• _Task statement_: Leave out all pictures while you copy the lines exactly from the one with "带着满满的诚意,我们也希望你" through the last line of the listing.

• _The data_:
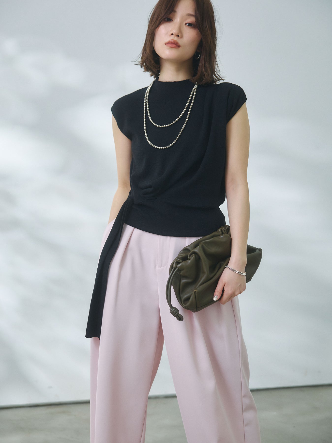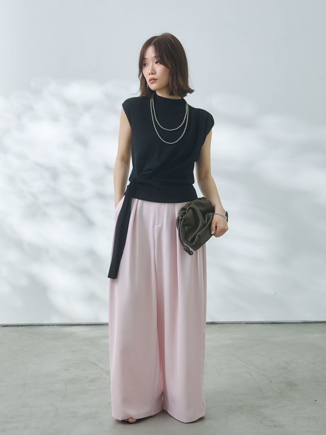 【Allure】[SET]サイドベルトボトルネックノースリーブニットトップス+エステルツイルタックワイドパンツ(2set)
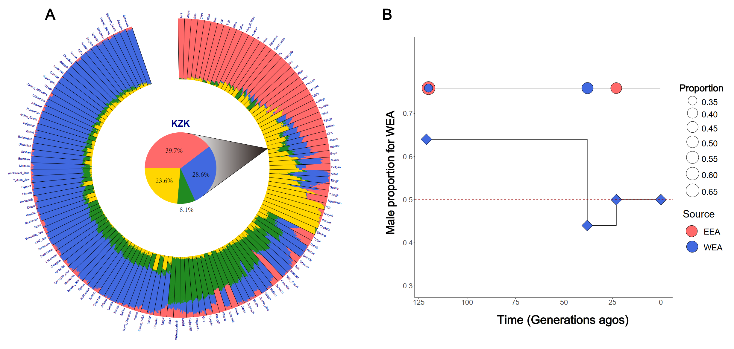 通过对混合历史的建模分析,推断哈萨克族四个主要祖源成分可追溯至两个早期的混合人群。其中,东方祖源可进一步追溯到东亚和西伯利亚的早期人群,西方祖源可追溯至西欧和南亚的早期人群。进一步分析发现,东方祖源与西方祖源经历了三次可识别的族群融合逐步演化为当今的哈萨克族。此外,哈萨克族的基因库形成过程中祖源人群的混合具有性别偏向性,推测可能与历史上的贸易往来与战争有关(图1B)。
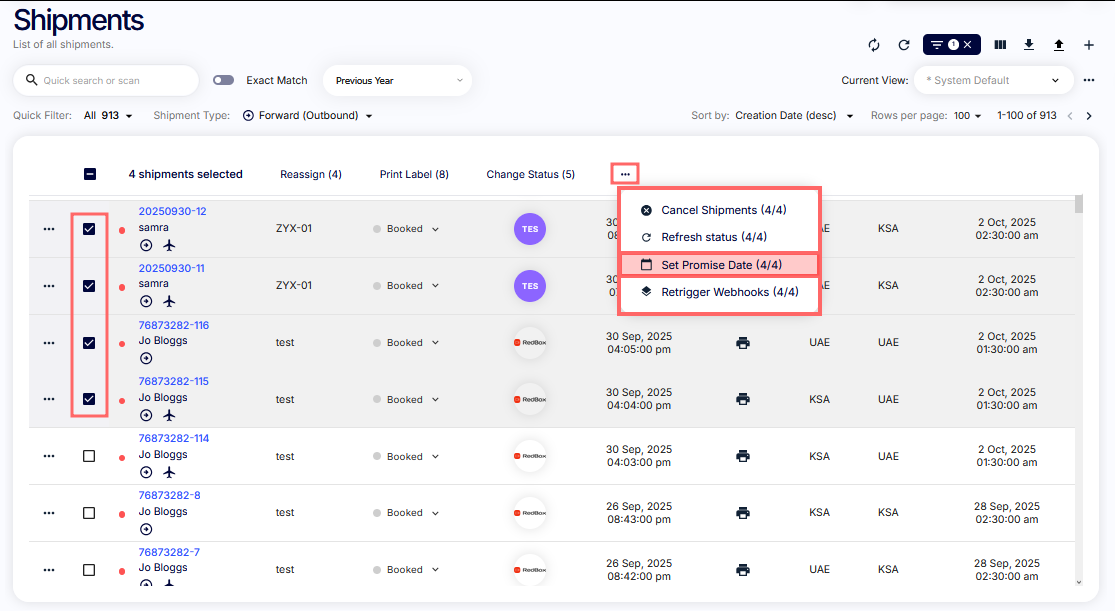 4. For revising promise dates in bulk, select the required shipments (to select all, check the box in the table header), and click on more options and choose Set Promise Date from the list of actions.
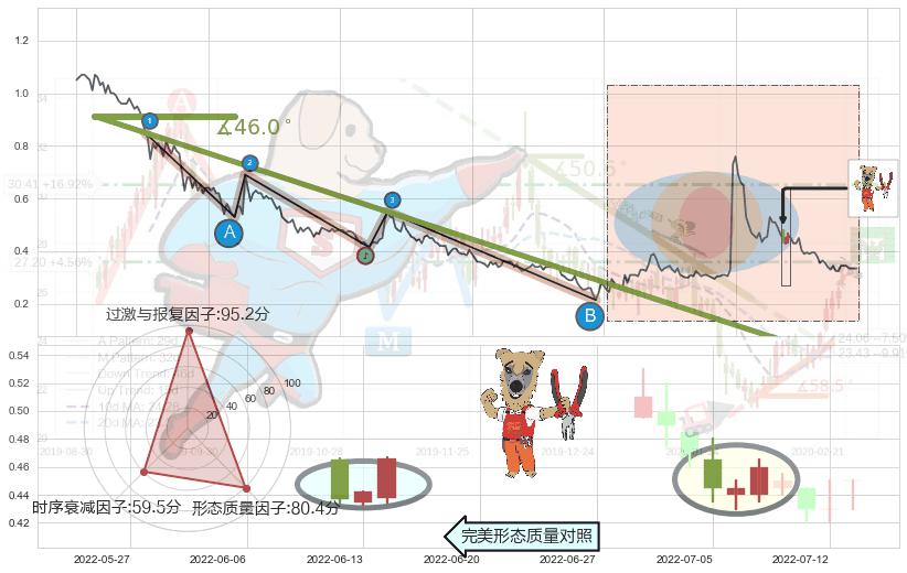 从2021-06-07至2022-04-08,共包含207个交易日,阶段股价下跌-100.38%,阶段股价变动位移路程比: 1 : 7,下跌趋势角度: 46.0
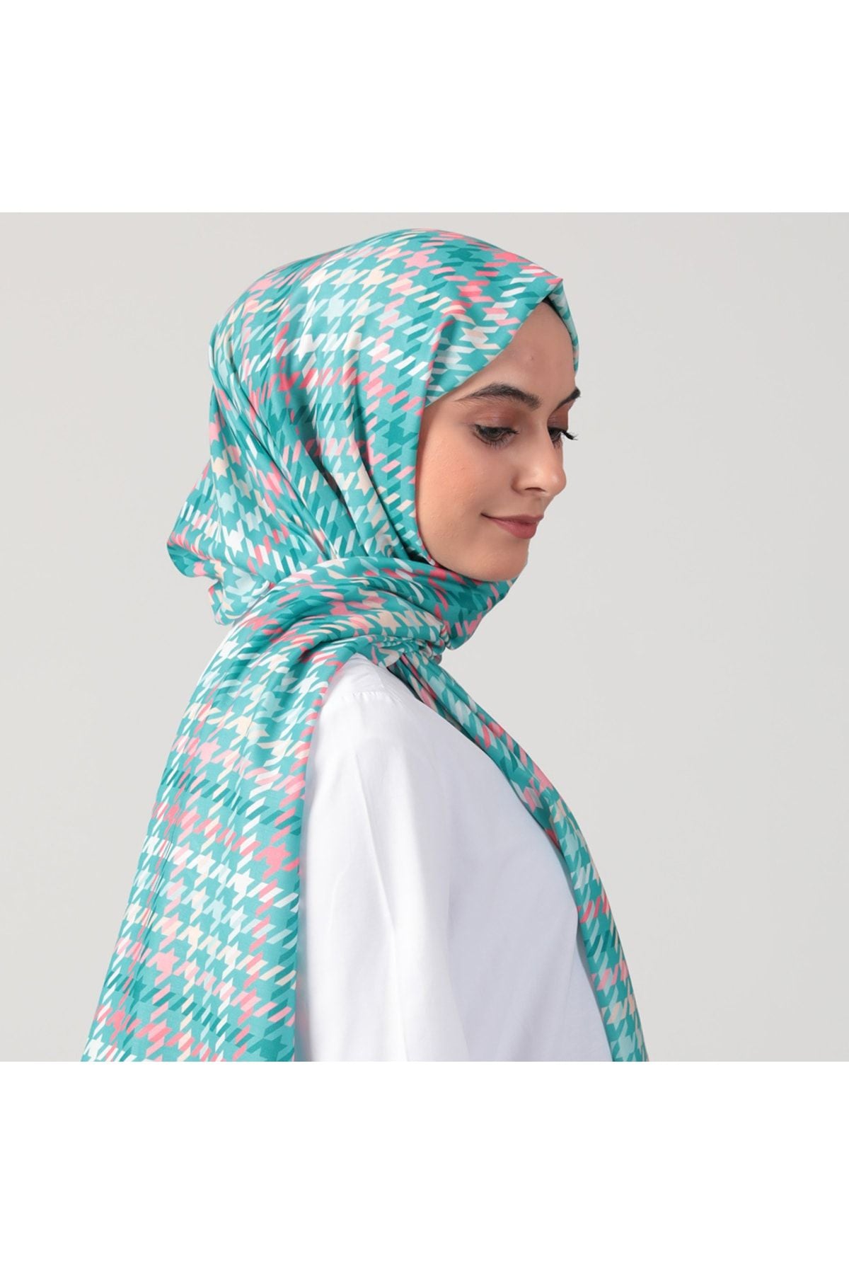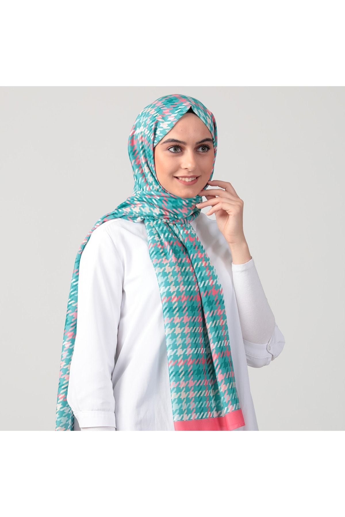 • Pamuk Ipek Şal - Kazayağı Desen - Şeker Pembe
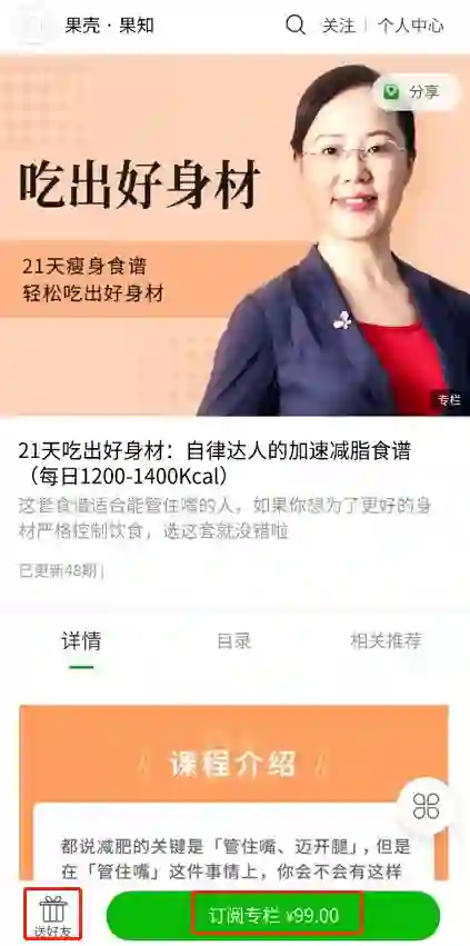 带着满满的诚意,我们也希望你把这门课程赠送给你的亲朋好友,让他们也能吃出健康好身材。
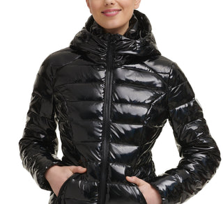 GUESS Women's Hooded Shine Puffer Coat Black Size Small
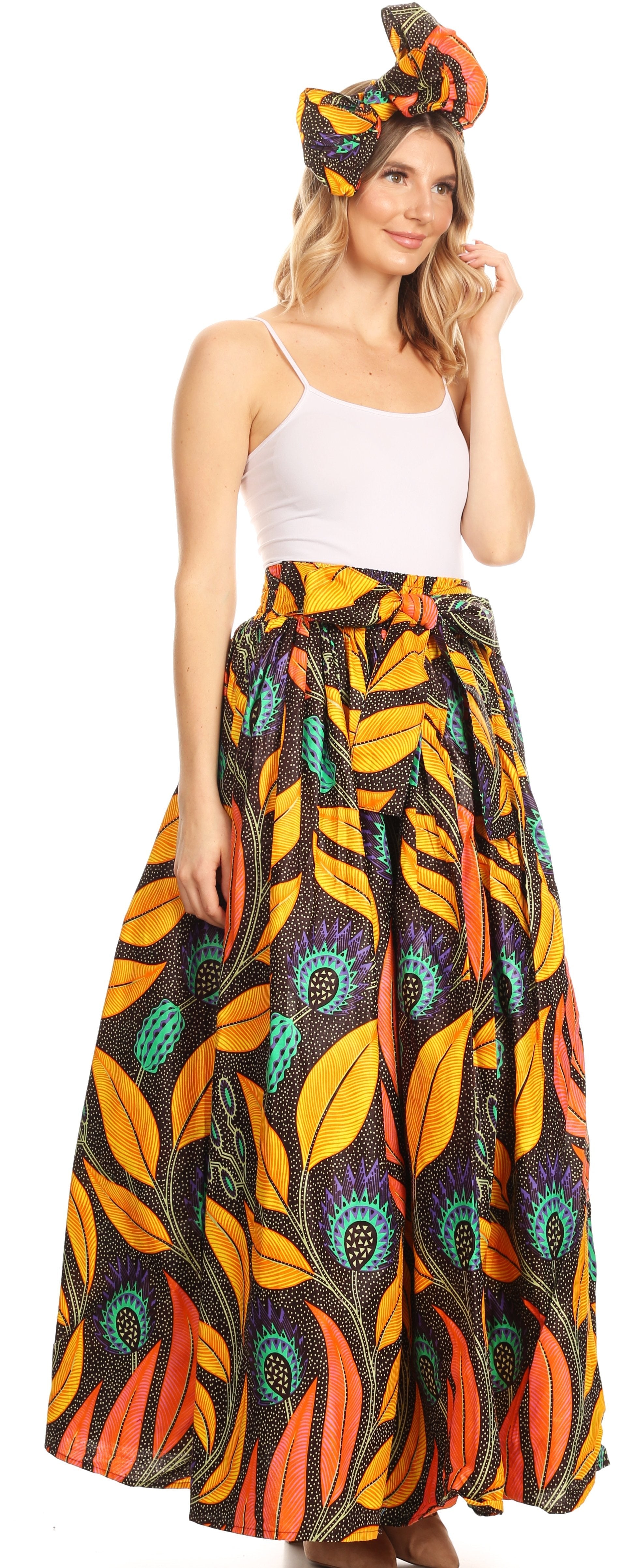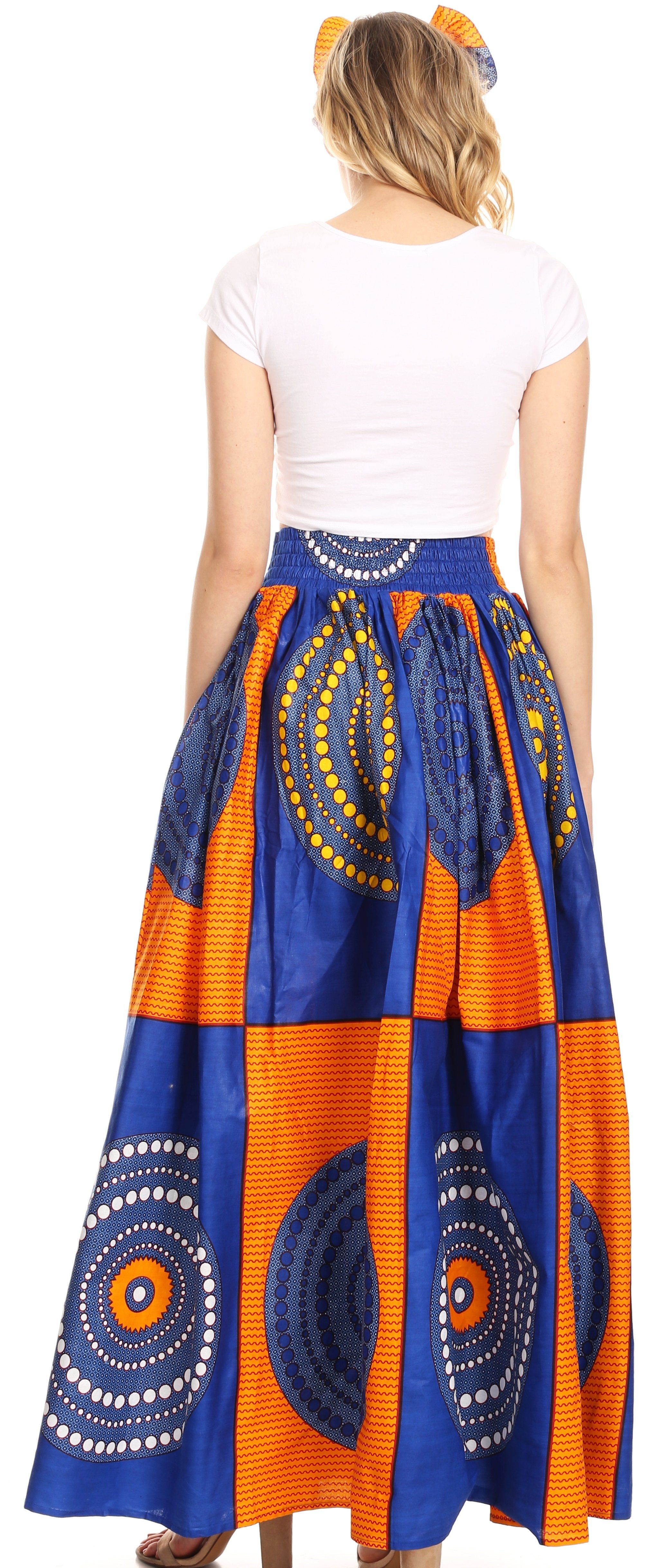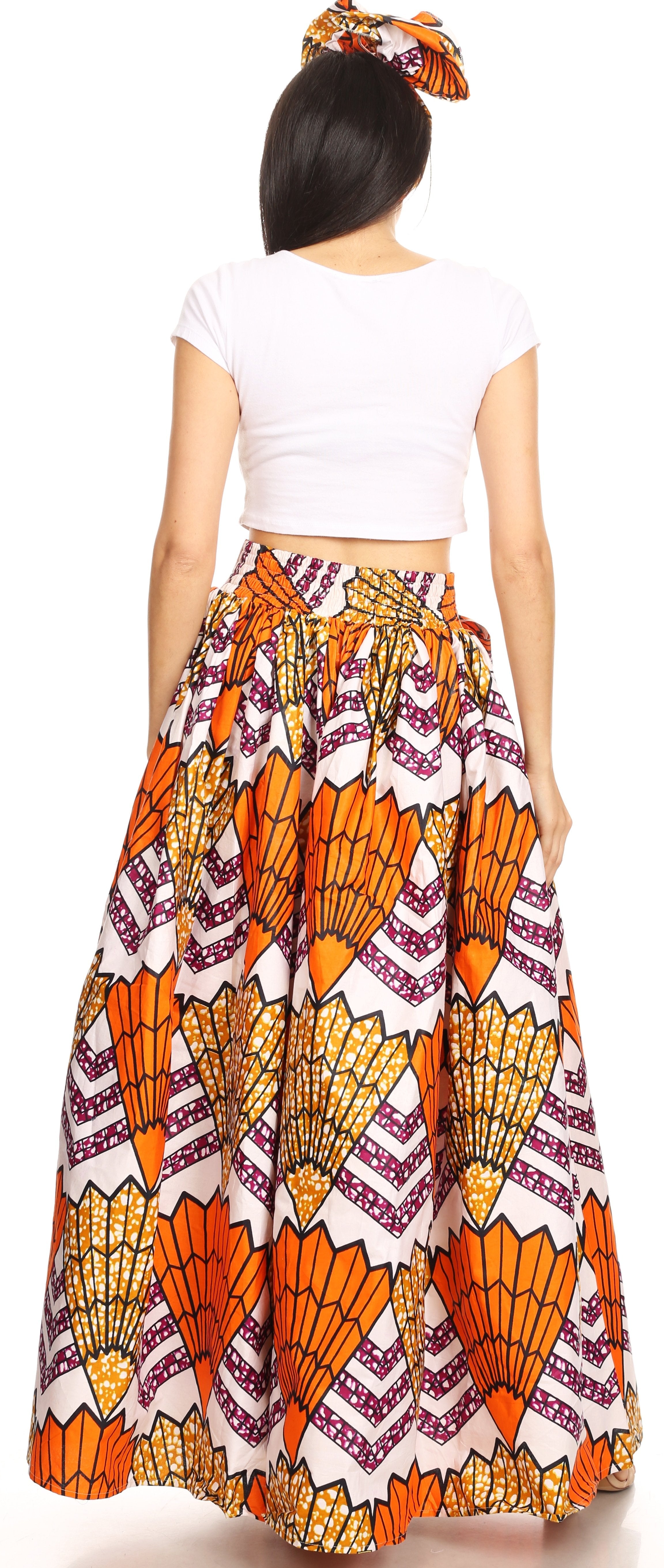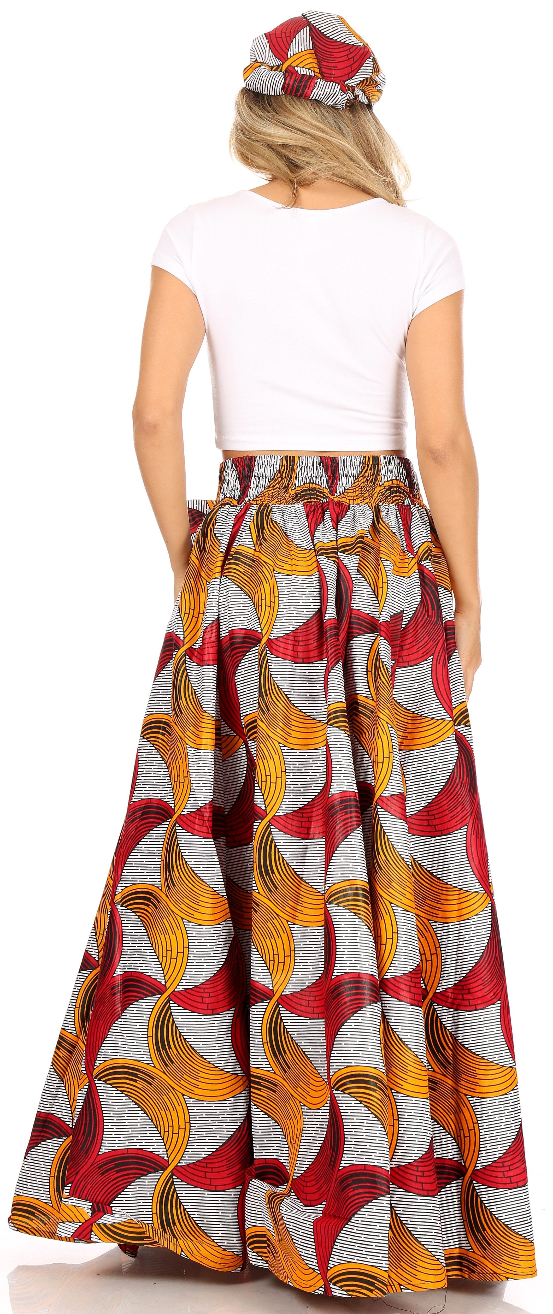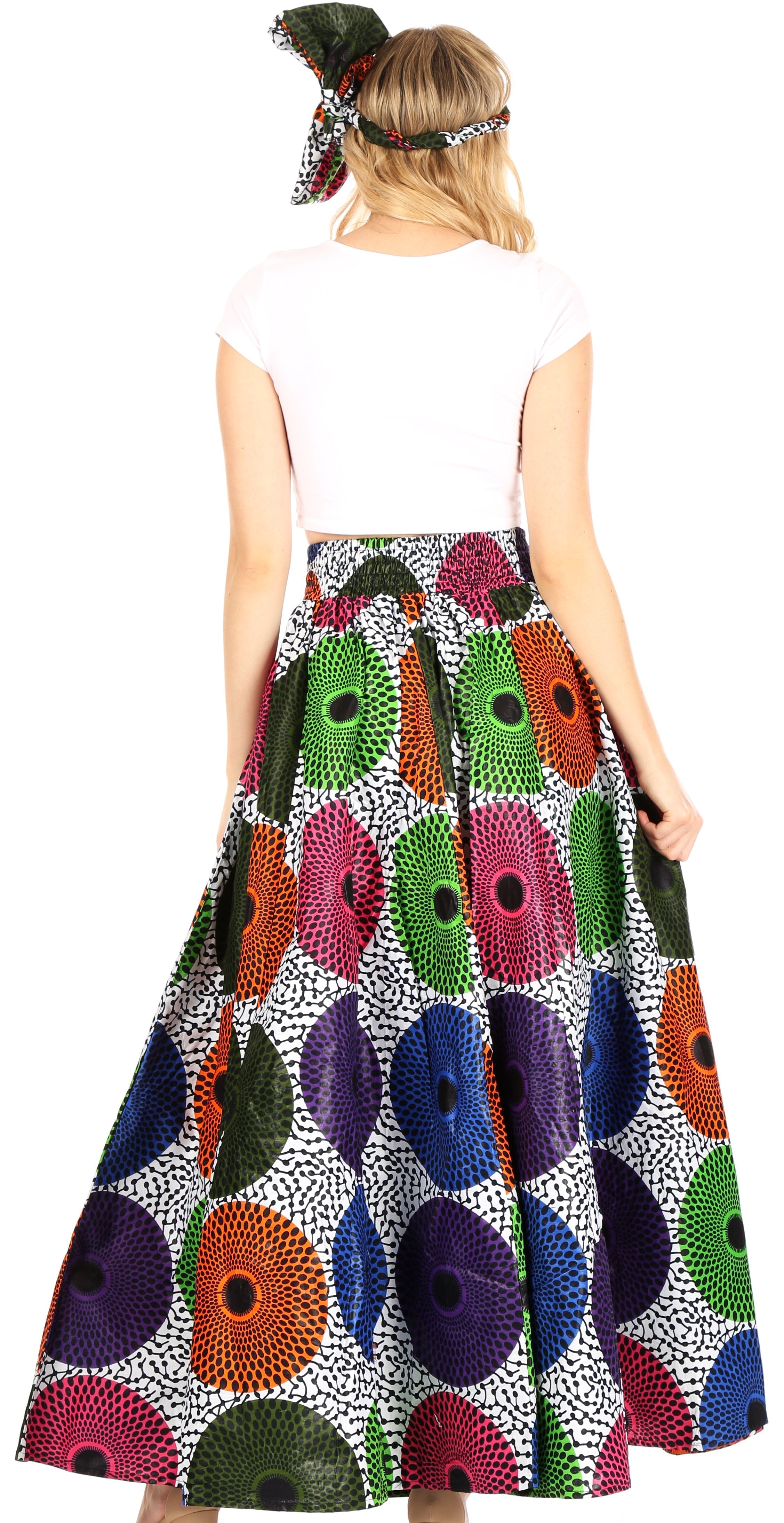 • This skirt features a long and wide flowing beautiful design. It is multi colored with a traditional wax print pattern. This skirt has pockets at the side for a total of two pockets. Pockets are deep and comfortable. A broad elastic waist band and adjustable wrap around strap allows skirt to easily convert into an elegant and carefree dress. This versatile item also features a beautiful head scarf in matching print.

• _Task output_:
 带着满满的诚意,我们也希望你把这门课程赠送给你的亲朋好友,让他们也能吃出健康好身材。
 GUESS Women's Hooded Shine Puffer Coat Black Size Small
 • This skirt features a long and wide flowing beautiful design. It is multi colored with a traditional wax print pattern. This skirt has pockets at the side for a total of two pockets. Pockets are deep and comfortable. A broad elastic waist band and adjustable wrap around strap allows skirt to easily convert into an elegant and carefree dress. This versatile item also features a beautiful head scarf in matching print.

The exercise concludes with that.